Raw data:
►
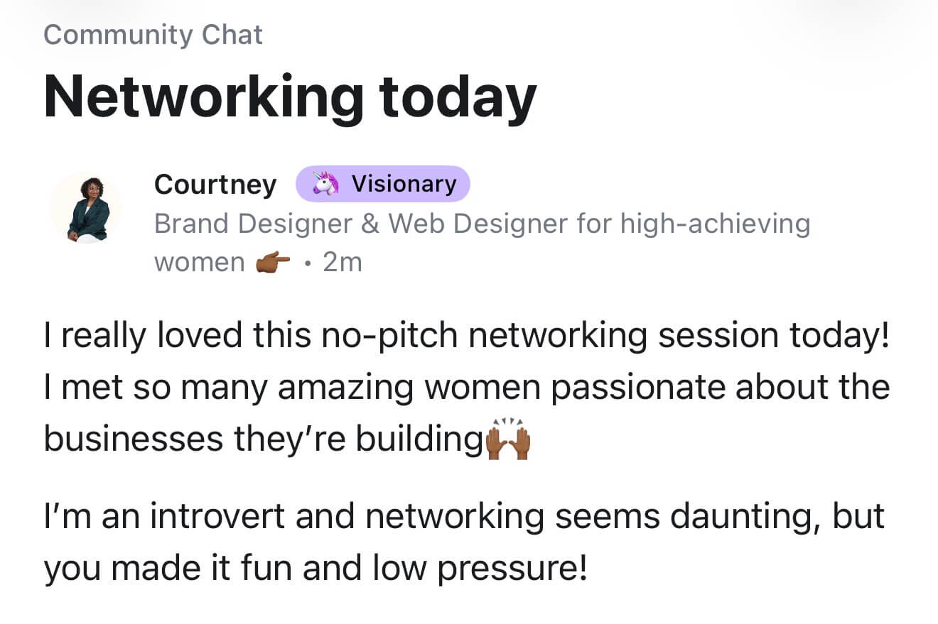 Our members-only community is hosted on Circle so it’s socially distraction-free. It’s a place to network and connect in curated spaces for collaboration, referrals, celebrations, and develop meaningful connection with fellow founders.
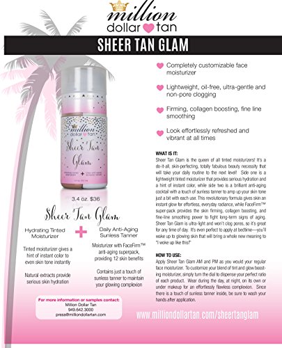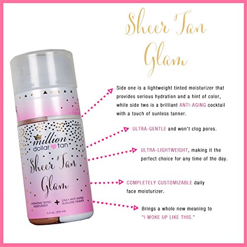 Tinted Moisturizer + Gradual Sunless Tanner for Face- Sheer Tan Glam by Million Dollar Tan - Dual Chamber Bottle Allows for Custom Application
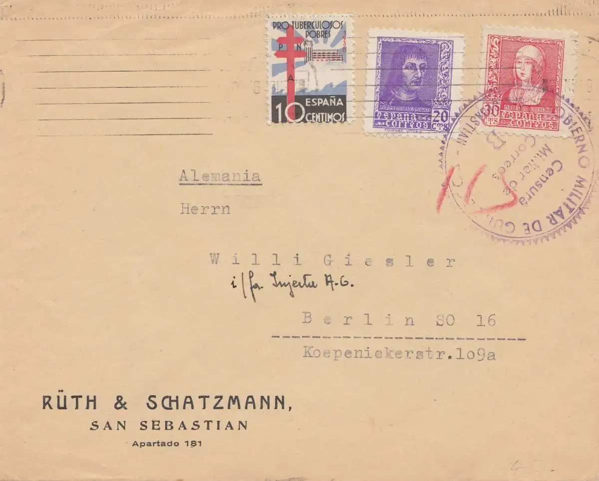 Spanien: 1938: Brief von San Sebastian nach Berlin, Zensur
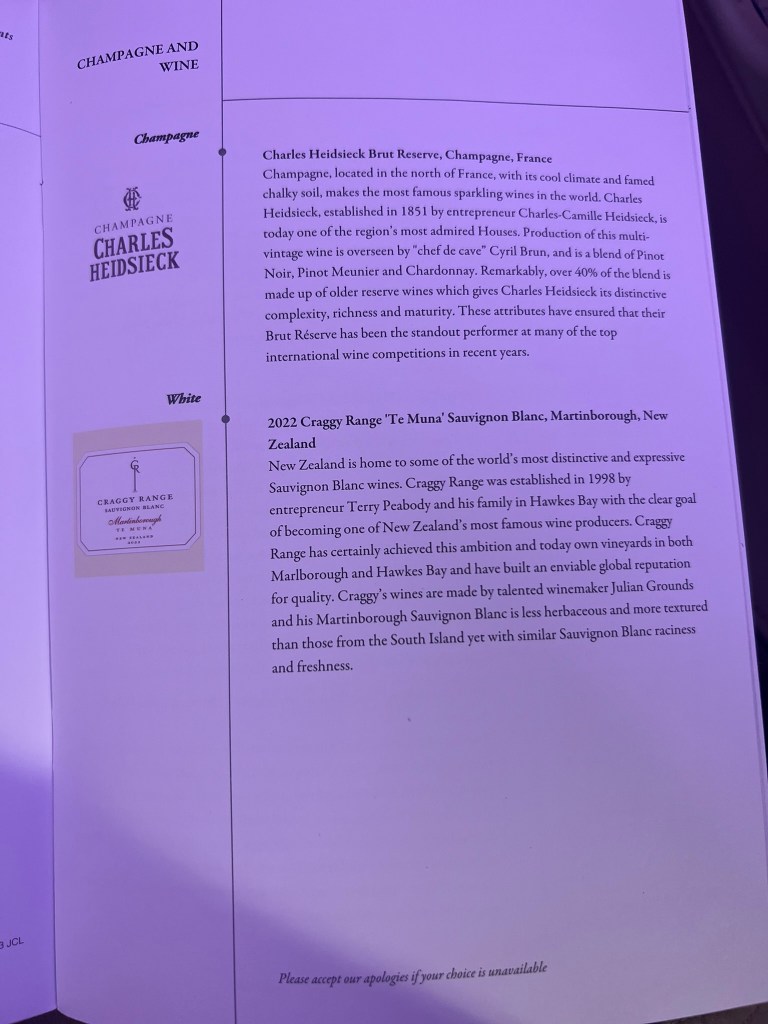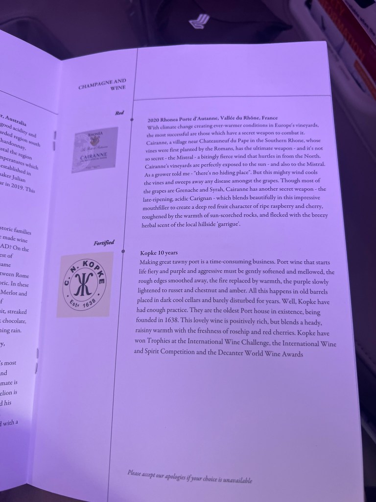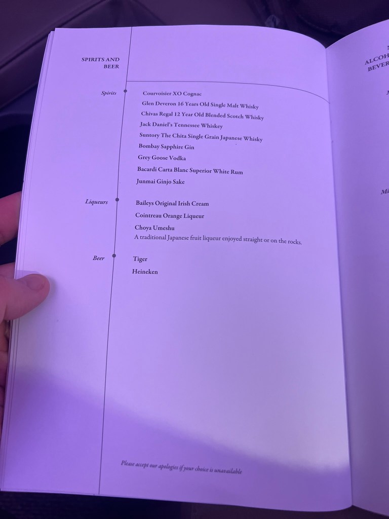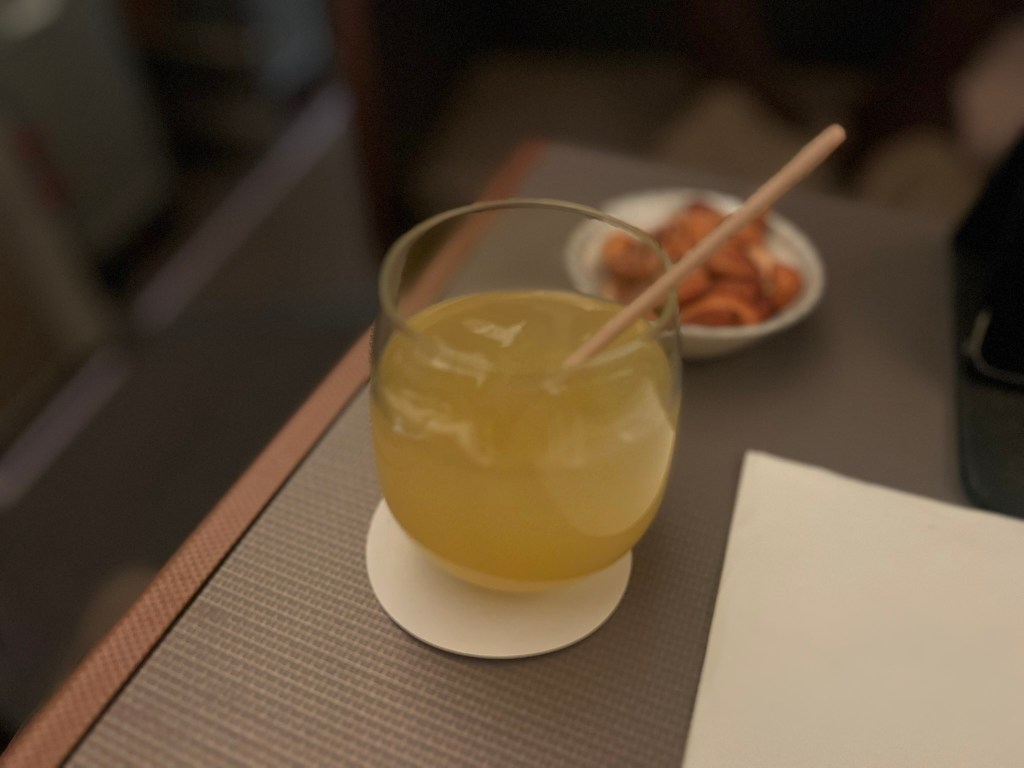 We were offered a pre-departure beverage of champagne or orange juice and the lovely flight attendants took our drink orders for after takeoff before we left the ground. I wish more airlines would do this in business class.
◄
Problem requirements: Before writing out the material above, please remove its pictures; everything else stays exact.

Response area:
 Our members-only community is hosted on Circle so it’s socially distraction-free. It’s a place to network and connect in curated spaces for collaboration, referrals, celebrations, and develop meaningful connection with fellow founders.
 Tinted Moisturizer + Gradual Sunless Tanner for Face- Sheer Tan Glam by Million Dollar Tan - Dual Chamber Bottle Allows for Custom Application
 Spanien: 1938: Brief von San Sebastian nach Berlin, Zensur
 We were offered a pre-departure beverage of champagne or orange juice and the lovely flight attendants took our drink orders for after takeoff before we left the ground. I wish more airlines would do this in business class.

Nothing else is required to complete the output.